→ **TASK BRIEF**
Repeat the data below exactly, dropping any pictures it holds.

→ **AVAILABLE DATA**
++++

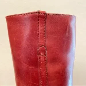 Gorgeous vintage boots in the prettiest cognac/port color. Tall shaft, almond toe, and stacked heel give these a timeless vintage esthetic. Stamped Frye logo on heel. Interior pull tabs. The most superficial scuffs/marks to upper, these are in excellent condition! Beautiful with jeans/dresses/skirts/everything!
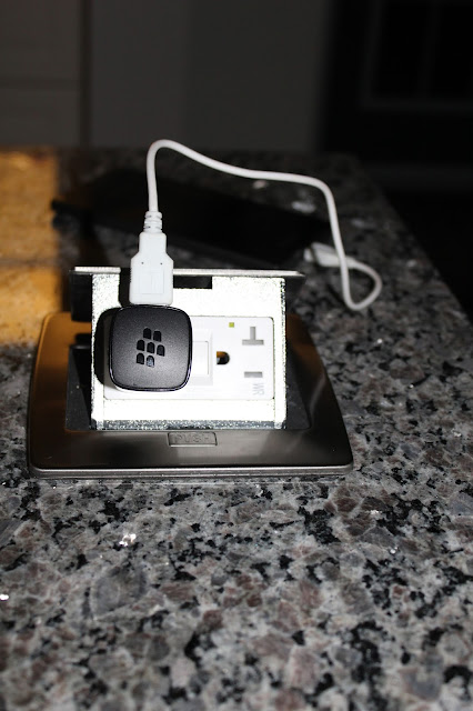 This is one of the two plug ins that were installed into the granite counter top. The small button in front is pushed in & the top of the outlet is pushed down, creating a flushed, brush nickel plate. One was needed to pass the electrical inspection & could not decide on which end of this 12 foot island to place one, so two were installed, one at each end. Only in New Brunswick does this ruling stand!
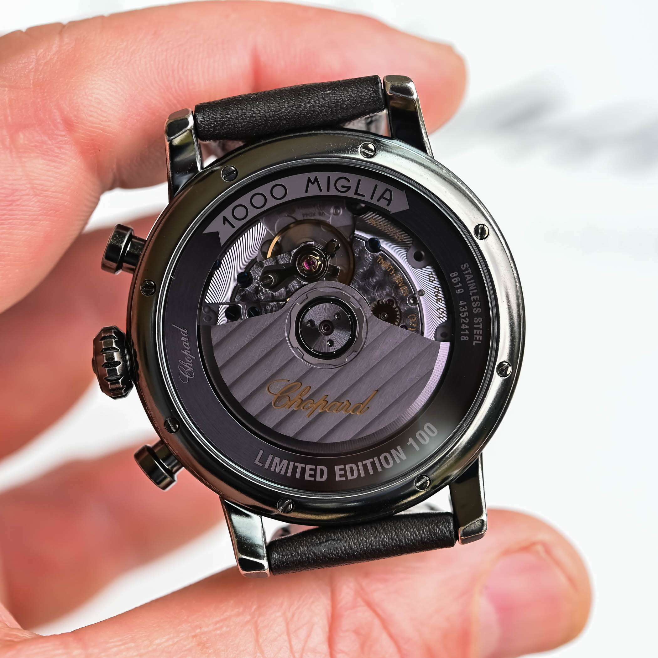 While the new Mille Miglia Classic is crafted in Lucent Steel, it has been given a dark diamond-like carbon (DLC) coating and a novel tribofinishing process that abrades the surface using vibrating ceramic media. In layman’s terms, the process softens the edges and gives the steel a rugged, worn aesthetic reminiscent of the patina on vintage cars. Like other Classic models, the notched crown, resembling a petrol tank cap, is topped with a steering-wheel motif.

++++

→ **RESULT**
 Gorgeous vintage boots in the prettiest cognac/port color. Tall shaft, almond toe, and stacked heel give these a timeless vintage esthetic. Stamped Frye logo on heel. Interior pull tabs. The most superficial scuffs/marks to upper, these are in excellent condition! Beautiful with jeans/dresses/skirts/everything!
 This is one of the two plug ins that were installed into the granite counter top. The small button in front is pushed in & the top of the outlet is pushed down, creating a flushed, brush nickel plate. One was needed to pass the electrical inspection & could not decide on which end of this 12 foot island to place one, so two were installed, one at each end. Only in New Brunswick does this ruling stand!
 While the new Mille Miglia Classic is crafted in Lucent Steel, it has been given a dark diamond-like carbon (DLC) coating and a novel tribofinishing process that abrades the surface using vibrating ceramic media. In layman’s terms, the process softens the edges and gives the steel a rugged, worn aesthetic reminiscent of the patina on vintage cars. Like other Classic models, the notched crown, resembling a petrol tank cap, is topped with a steering-wheel motif.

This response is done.